Indian couple, grandchild killed during police chase in Canada

Update: 2024-05-04 08:11 IST

Toronto: An Indian couple visiting Canada and their three-month-old grandchild were among four people killed on the spot in a multi-vehicle collision when Ontario police pursued a liquor store robbery suspect driving the wrong way. All four people were pronounced dead at the scene on Highway 401 in Whitby, about 50 kilometres east of Toronto, police said on Thursday.

Ontario's Special Investigations Unit (SIU) said that two of the victims, a 60-year-old man and a 55-year-old woman, were visiting from India. However, the SIU did not release the names of the victims. The couple's three-month-old grandson also died in the multi-vehicle collision. Highway 401 was closed for several hours after the incident on Monday, it said. The agency said that the parents of the infant, his 33-year-old father and 27-year-old mother, were travelling in the same vehicle and were taken to hospital. The mother's injuries are serious, the SIU said. The 21-year-old robbery suspect was also killed in the collision, which involved at least six vehicles, CBC News reported.

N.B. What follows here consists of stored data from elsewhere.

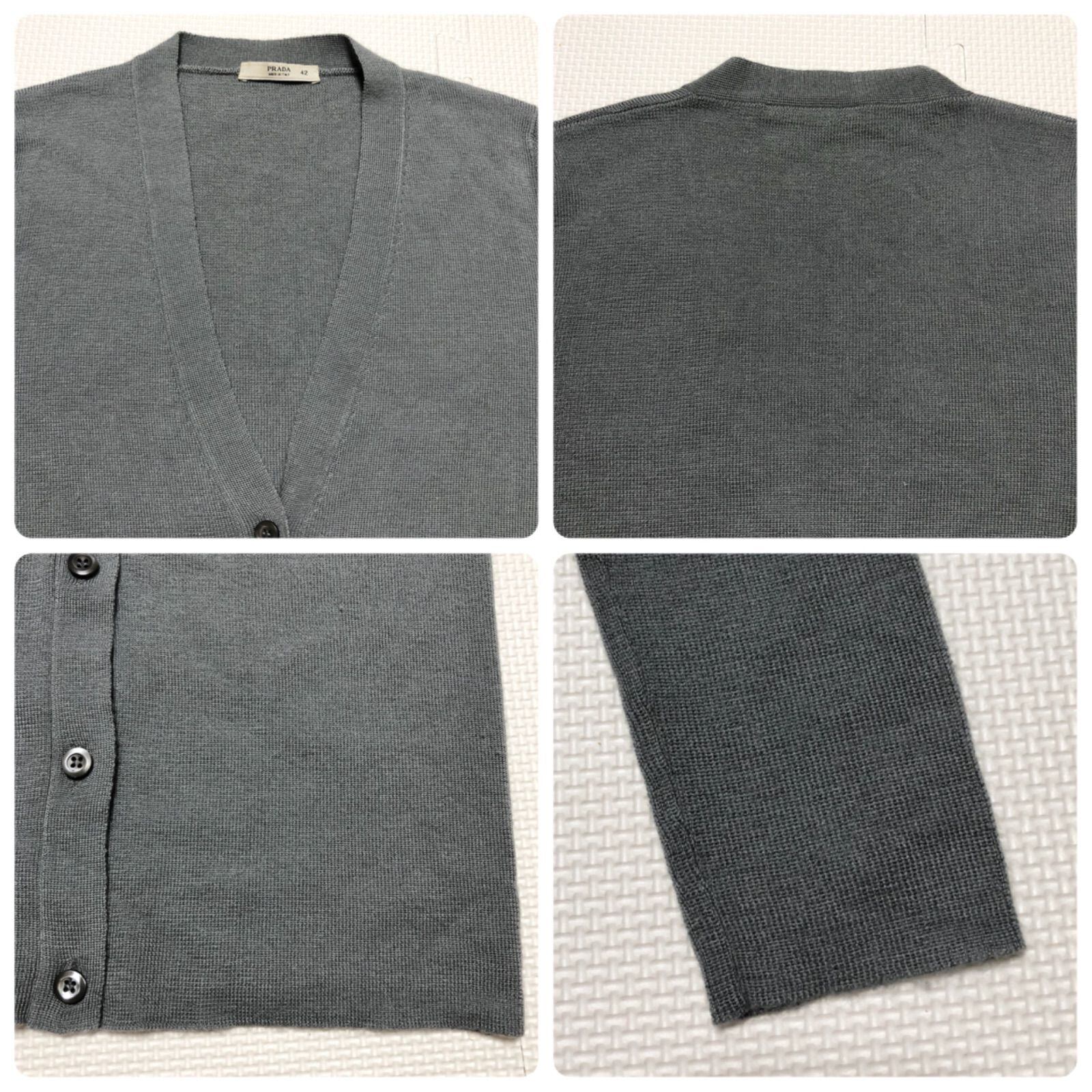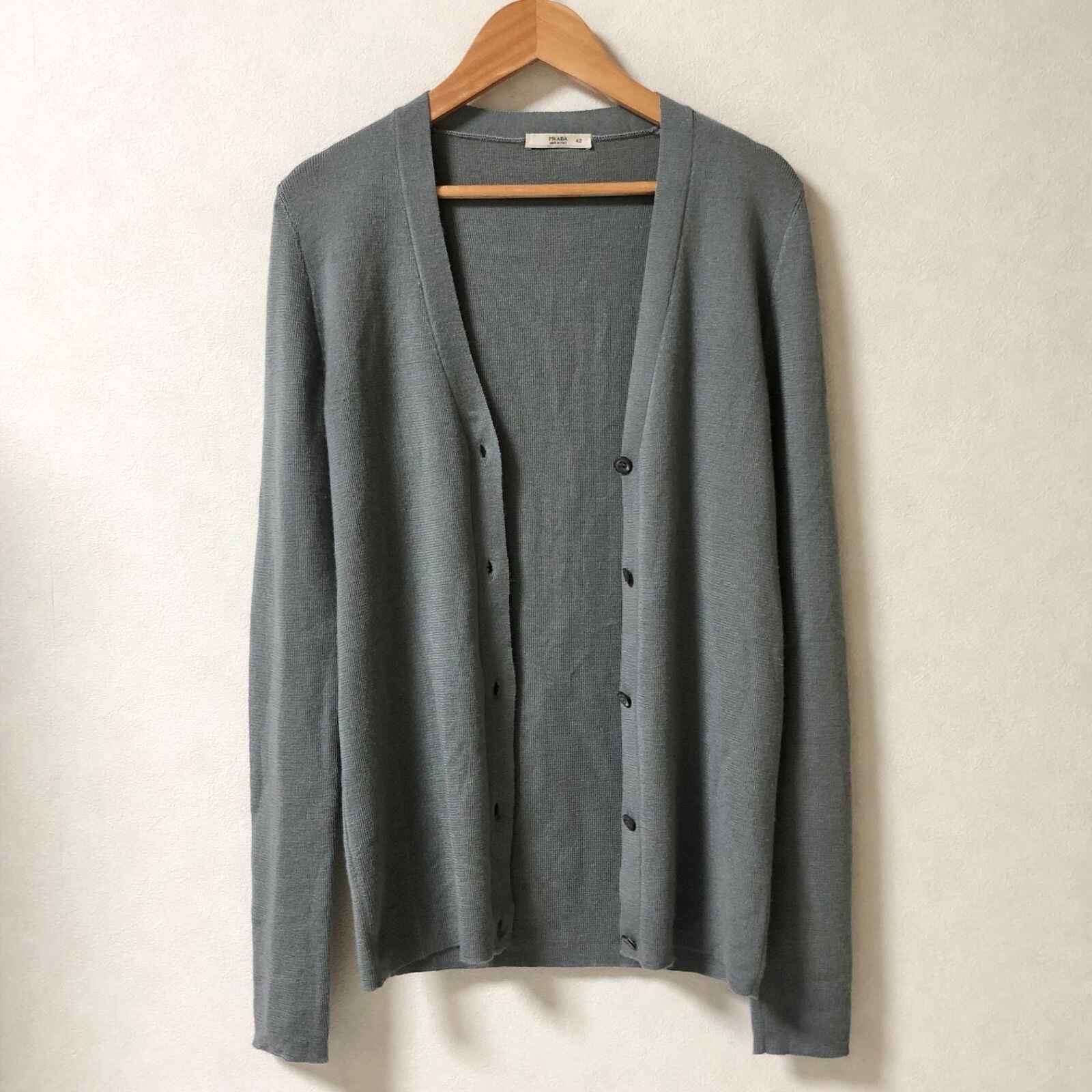 ■希少カシミヤ70%シルク30%■PRADA プラダ ニットカーディガン Vネック size42(サイズXL相当) イタリア製 グレー 5つボタン レディース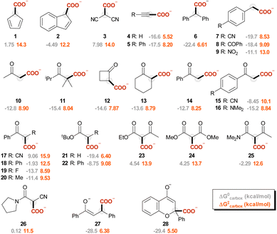 Calculations were performed with Gaussian16 software.41 Most carbanions included in this study possess few rotatable bonds. In the cases of anions with possible multiple conformations that may impact the target C-site reactivity (i.e. anions R23, R24, R25, and R272−), an initial conformational search was performed with a semiempirical pm3 method42–44 including a solvation model for acetonitrile to identify the most stable conformers that were then optimized with DFT methods (see ESI, Fig. S1–S4). In the manuscript and in the correlations presented, we report ΔG and ΔG0 data for the most stable conformer of these anions. We have corroborated this assumption by performing calculations and analysing the ΔG and ΔG0 data also for the second most stable conformer of R23, R24 and R25. From the results reported in Table S1 in the ESI, the variations of the calculated activation and standard free energy of carboxylation resulting from changes in the nature of the initial conformer are in a range of 0.16–0.65 and 0.73–2.14 kcal mol−1, respectively, minimally impacting the correlations presented in this work.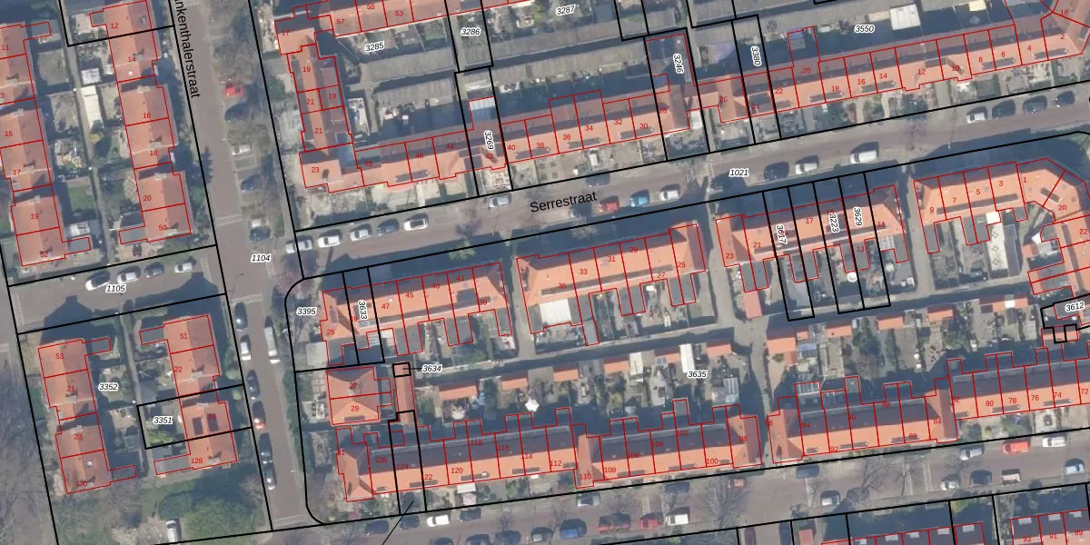 Het perceel waarop Serrestraat 35 staat heeft een oppervlakte van 6954 m². Dit is een zeer groot perceel. De perceeloppervlakte wordt geregistreerd door het Kadaster. Gedetailleerde informatie over de maten van dit perceel kunt u vinden in het rapport Kadastrale kaart met maatvoering van Serrestraat 35.

Officials have said the deadly car chase started with a liquor store robbery in Bowmanville and ended around 20 minutes later after the suspect in a cargo van led Durham police on a high-speed chase against opposing traffic on Highway 401. A 38-year-old male passenger from the cargo van was also taken to the hospital to be treated for serious injuries. The autopsies for the victims were conducted in Toronto on Wednesday.

Seven investigators, one forensic investigator and one collision reconstructionist continue to investigate this case, the statement said. The SIU is an agency called in to investigate whenever police are involved in a death, serious injury or allegations of sexual assault. Milica Maljkovic Birkett, a witness to the deadly police chase and had a lucky escape, said she didn't have time to think. She was driving her regular commute on the 401, when she was suddenly face-to-face with the suspect van barrelling toward her car on the wrong way. "I was like, 'Oh my God, like what just happened? What's going on?'" Maljkovic Birkett told CBC Toronto on Thursday. Maljkovic Birkett said the experience has taken time to process. "It's so scary," she said.